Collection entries

----------------------------------------

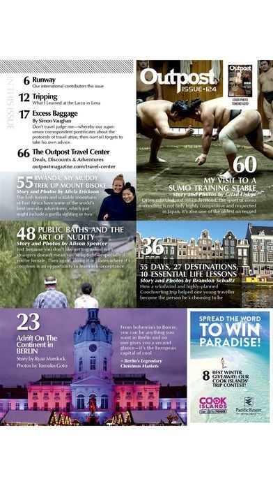 App Storeより引用Travel, adventure and culture. Outpost Magazine is Canada's best travel magazine with a unique focus on international adventure travel and world culture. Our travel magazine takes you on unforgettable journeys to explore the planet’s most hidden corners, most intriguing places and most fascinating people! Outpost Magazine offers compelling travel stories in funny and lively prose, with irreverent and insightful perspectives and a few thrillseeking rides along the way! Our focus on down-to-earth experiences, inspiring off-the-path destinations, and under-reported and unique cultures in every issue we publish helps support and protect wildlife and wilderness environments, mountain and desert regions, and indigenous people around the globe. From the Andean altitudes to the High Himalayas, from the rivers and jungles of Thailand and Brazil to the deserts of Jordan and the rainforests of Indonesia. Nobody writes it like Outpost Magazine. It’s the world in the palm of your hand!
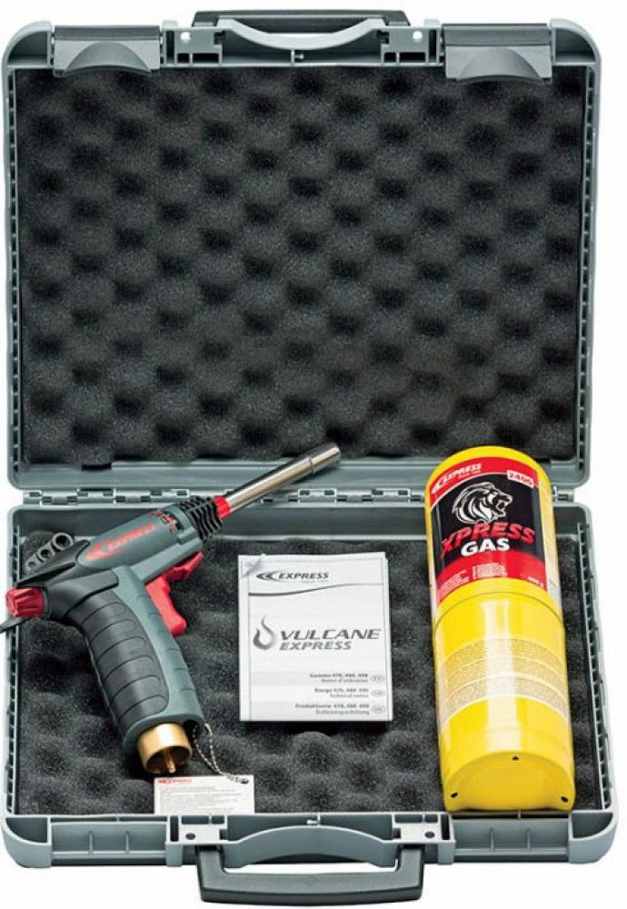 Nejvýkonnější hořák ve své kategorii.Tepelný výkon 5,5 kW tvrdé pájení mědi do 35 mm.Mobilní hořák Vulcane Express piezo-zapalování pomocí spouště.Regulace velikosti plamene.Plamen je stejný v jakékoliv poloze.Odolná konstrukce hořáku z materiálu Laiton, Inox, Zamak.Při použití plyn PRO-MAX – propylen je teplota plamene 2.400°C.Kufřík SOLO obsahuje:Hořák Vulcane Express zapalování pomocí spouště.Hořák s nejvýkonnější tryskou 4735 (na tvrdé pájení do Ø 35 mm).1 ks láhev plynu propylenu 400 g.
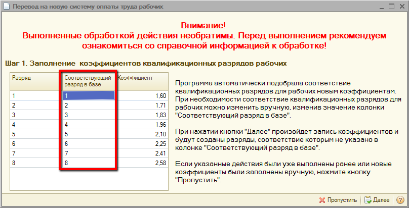 На первом шаге обработки производится автоматическое заполнение регистра сведений «Коэффициенты квалификационных разрядов».
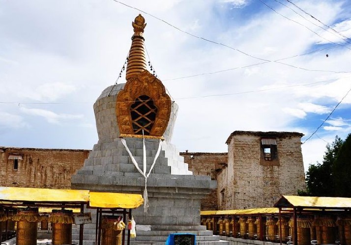 經(jīng)堂四壁遍繪壁畫,有釋迦牟尼傳記、六莊嚴(即龍樹、圣天、無著、世親、陳那和法稱)、密集金剛、西方有樂世界等題材。經(jīng)堂北側(cè)的羅漢殿(乃登拉康)供奉釋迦牟尼、十八羅漢和四大天王、馬頭金剛(為慈悲觀音的化身)、忿怒神(為佛在降魔除障時顯現(xiàn)的“法身”)等塑像。羅漢殿的東側(cè)是大威德殿(結(jié)幾拉康),主供大威德塑像(格魯派主修的護法神)。據(jù)說這尊神像是釋迦也失特請后藏雕塑家夏艾哇塑的。塑像腹是裝藏有熱羅扎哇的一個拇指,塑完后釋迦也失親自主持了開光誦經(jīng)儀式。大威德神像兩側(cè)共有吉祥天女、六臂依怙神、四臂依怙神、多聞天王、白梵天王等塑像。
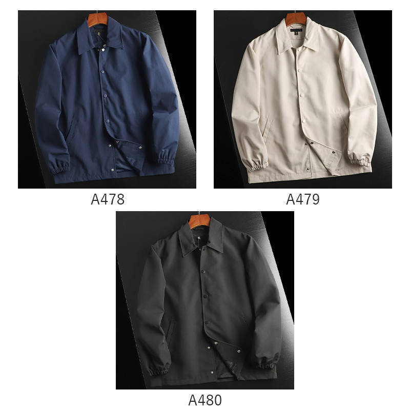 A480-M黒色 コーチジャケット 撥水 メンズ 折り襟 ジャケット 防風 通気 裏地 春秋 新品 カジュアル シングルブレスト アウター ブルゾン

----------------------------------------

→ **Problem to solve**:
Whenever a picture appears, leave it out, and return every record exactly.

→ **Response to the task**:
 App Storeより引用Travel, adventure and culture. Outpost Magazine is Canada's best travel magazine with a unique focus on international adventure travel and world culture. Our travel magazine takes you on unforgettable journeys to explore the planet’s most hidden corners, most intriguing places and most fascinating people! Outpost Magazine offers compelling travel stories in funny and lively prose, with irreverent and insightful perspectives and a few thrillseeking rides along the way! Our focus on down-to-earth experiences, inspiring off-the-path destinations, and under-reported and unique cultures in every issue we publish helps support and protect wildlife and wilderness environments, mountain and desert regions, and indigenous people around the globe. From the Andean altitudes to the High Himalayas, from the rivers and jungles of Thailand and Brazil to the deserts of Jordan and the rainforests of Indonesia. Nobody writes it like Outpost Magazine. It’s the world in the palm of your hand!
 Nejvýkonnější hořák ve své kategorii.Tepelný výkon 5,5 kW tvrdé pájení mědi do 35 mm.Mobilní hořák Vulcane Express piezo-zapalování pomocí spouště.Regulace velikosti plamene.Plamen je stejný v jakékoliv poloze.Odolná konstrukce hořáku z materiálu Laiton, Inox, Zamak.Při použití plyn PRO-MAX – propylen je teplota plamene 2.400°C.Kufřík SOLO obsahuje:Hořák Vulcane Express zapalování pomocí spouště.Hořák s nejvýkonnější tryskou 4735 (na tvrdé pájení do Ø 35 mm).1 ks láhev plynu propylenu 400 g.
 На первом шаге обработки производится автоматическое заполнение регистра сведений «Коэффициенты квалификационных разрядов».
 經(jīng)堂四壁遍繪壁畫,有釋迦牟尼傳記、六莊嚴(即龍樹、圣天、無著、世親、陳那和法稱)、密集金剛、西方有樂世界等題材。經(jīng)堂北側(cè)的羅漢殿(乃登拉康)供奉釋迦牟尼、十八羅漢和四大天王、馬頭金剛(為慈悲觀音的化身)、忿怒神(為佛在降魔除障時顯現(xiàn)的“法身”)等塑像。羅漢殿的東側(cè)是大威德殿(結(jié)幾拉康),主供大威德塑像(格魯派主修的護法神)。據(jù)說這尊神像是釋迦也失特請后藏雕塑家夏艾哇塑的。塑像腹是裝藏有熱羅扎哇的一個拇指,塑完后釋迦也失親自主持了開光誦經(jīng)儀式。大威德神像兩側(cè)共有吉祥天女、六臂依怙神、四臂依怙神、多聞天王、白梵天王等塑像。
 A480-M黒色 コーチジャケット 撥水 メンズ 折り襟 ジャケット 防風 通気 裏地 春秋 新品 カジュアル シングルブレスト アウター ブルゾン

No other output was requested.